*SOURCE MATERIAL*:
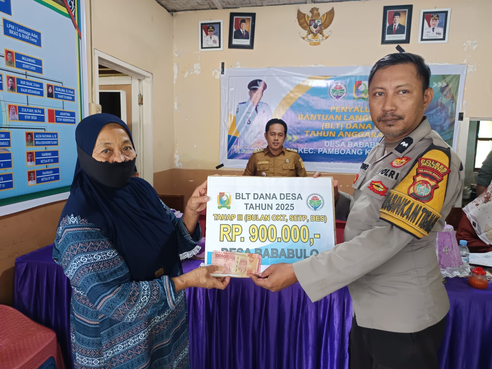 Polres Majene – Dalam upaya memastikan bantuan tersalurkan tepat sasaran, Bhabinkamtibmas Polsek Pamboang Aipda Heriyono, S.Pd kembali menunjukkan komitmennya terhadap pelayanan masyarakat dengan melakukan pendampingan pada kegiatan penyaluran Bantuan Langsung Tunai (BLT) Dana Desa Tahap IV di Kantor Desa Bababulo, Kecamatan Pamboang, Kabupaten Majene, Senin (1/12/25).
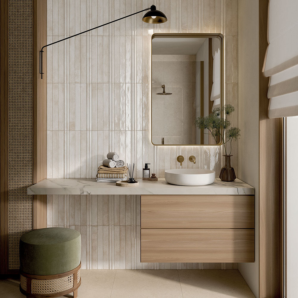 Available in a range of vibrant, contemporary colors, Trace offers endless design possibilities—from bold feature walls to refined accents. Its elongated shape adds modern elegance and visual flow, perfect for vertical or horizontal installations.
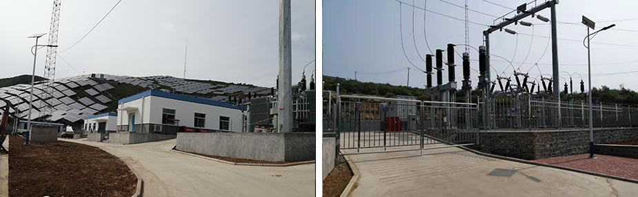本項(xiàng)目采用分塊發(fā)電、集中并網(wǎng)方案,整個(gè)發(fā)電系統(tǒng)由16個(gè)約1.25MWp光伏發(fā)電子系統(tǒng)組成,每個(gè)1.25MWp電池子方陣采用2臺(tái)630kW逆變器和1臺(tái)1250KVA箱式變壓器。每方陣由太陽(yáng)能電池組件串并聯(lián)而成,太陽(yáng)能電池陣列輸入光伏方陣初級(jí)防雷匯流箱、直流配電柜后,通過(guò)逆變器逆變,箱式變壓器升壓后接入升壓站,經(jīng)過(guò)主變進(jìn)行二次升壓66KV后送出T接66KV團(tuán)農(nóng)線,送至220KV團(tuán)山子變系統(tǒng)。
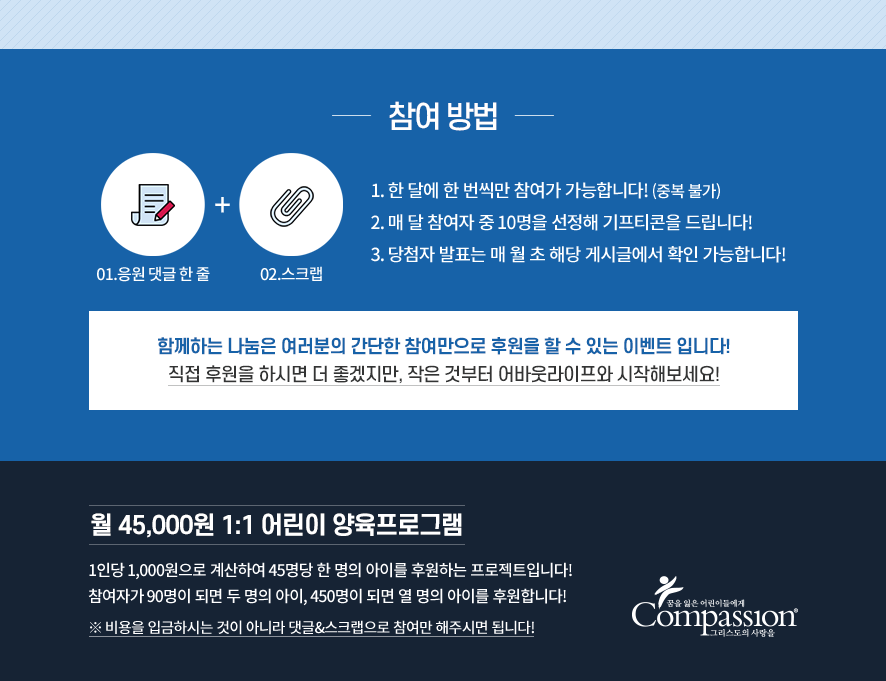 1. 덧글 참여만으로 아이를 후원할 수 있습니다!

*PROMPT*: Send back the listing exactly as it stands. Do not include the pictures.

*TASK SOLUTION*:
 Polres Majene – Dalam upaya memastikan bantuan tersalurkan tepat sasaran, Bhabinkamtibmas Polsek Pamboang Aipda Heriyono, S.Pd kembali menunjukkan komitmennya terhadap pelayanan masyarakat dengan melakukan pendampingan pada kegiatan penyaluran Bantuan Langsung Tunai (BLT) Dana Desa Tahap IV di Kantor Desa Bababulo, Kecamatan Pamboang, Kabupaten Majene, Senin (1/12/25).
 Available in a range of vibrant, contemporary colors, Trace offers endless design possibilities—from bold feature walls to refined accents. Its elongated shape adds modern elegance and visual flow, perfect for vertical or horizontal installations.
本項(xiàng)目采用分塊發(fā)電、集中并網(wǎng)方案,整個(gè)發(fā)電系統(tǒng)由16個(gè)約1.25MWp光伏發(fā)電子系統(tǒng)組成,每個(gè)1.25MWp電池子方陣采用2臺(tái)630kW逆變器和1臺(tái)1250KVA箱式變壓器。每方陣由太陽(yáng)能電池組件串并聯(lián)而成,太陽(yáng)能電池陣列輸入光伏方陣初級(jí)防雷匯流箱、直流配電柜后,通過(guò)逆變器逆變,箱式變壓器升壓后接入升壓站,經(jīng)過(guò)主變進(jìn)行二次升壓66KV后送出T接66KV團(tuán)農(nóng)線,送至220KV團(tuán)山子變系統(tǒng)。
 1. 덧글 참여만으로 아이를 후원할 수 있습니다!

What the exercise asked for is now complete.